Extremely poor rsync performance on very large files (near 100GB and larger)

Evan Harris eharris at puremagic.com
Mon Jan 8 23:30:26 GMT 2007

On Mon, 8 Jan 2007, Wayne Davison wrote:

> On Mon, Jan 08, 2007 at 01:37:45AM -0600, Evan Harris wrote:
>> I've been playing with rsync and very large files approaching and
>> surpassing 100GB, and have found that rsync has excessively very poor
>> performance on these very large files, and the performance appears to
>> degrade the larger the file gets.
> Yes, this is caused by the current hashing algorithm that the sender
> uses to find matches for moved data.  The current hash table has a fixed
> size of 65536 slots, and can get overloaded for really large files.
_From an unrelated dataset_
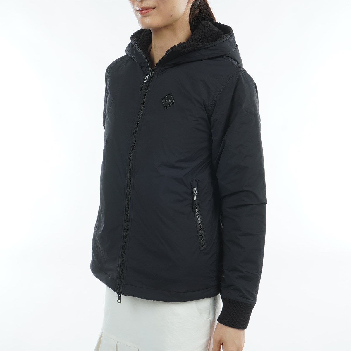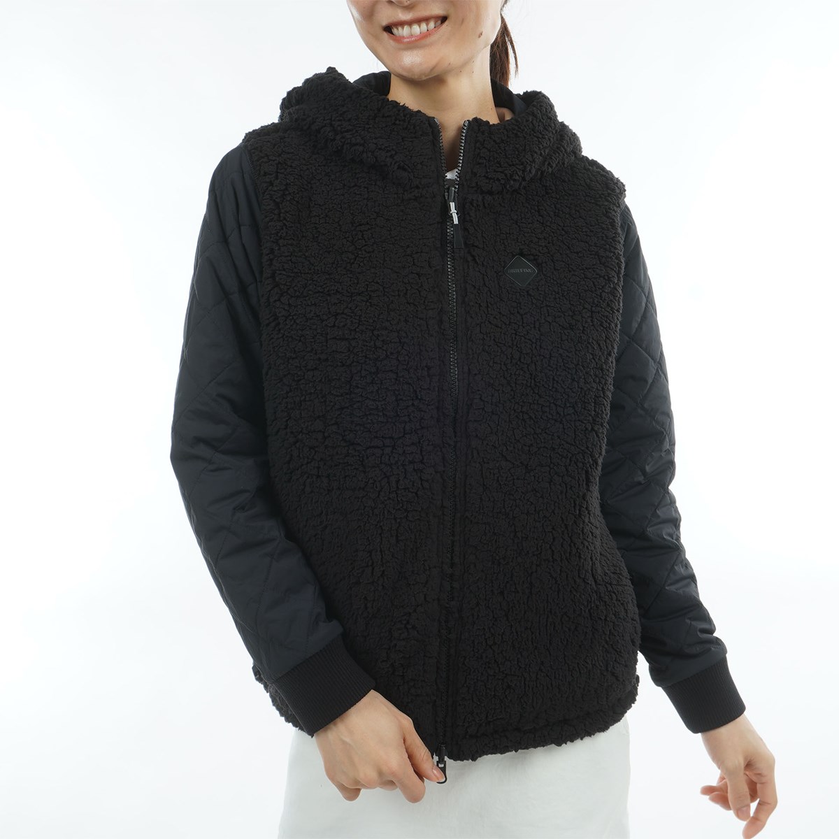 保温性の高いボア素材とキルティングの切り替えデザインが真冬のラウンドに最適な防寒アウターです。

Would it make more sense just to make rsync pick a more sane blocksize for 
very large files?  I say that without knowing how rsync selects the 
blocksize, but I'm assuming that if a 65k entry hash table is getting 
overloaded, it must be using something way too small.  Should it be scaling 
the blocksize with a power-of-2 algorithm rather than the hash table (based 
on filesize)?

I know that may result in more network traffic as a bigger block containing 
a difference will be considered "changed" and need to be sent instead of 
smaller blocks, but in some circumstances wasting a little more network 
bandwidth may be wholly warranted.  Then maybe the hash table size doesn't 
matter, since there are fewer blocks to check.

I haven't tested to see if that would work.  Will -B accept a value of 
something large like 16meg?  At my data rates, that's about a half a second 
of network bandwidth, and seems entirely reasonable.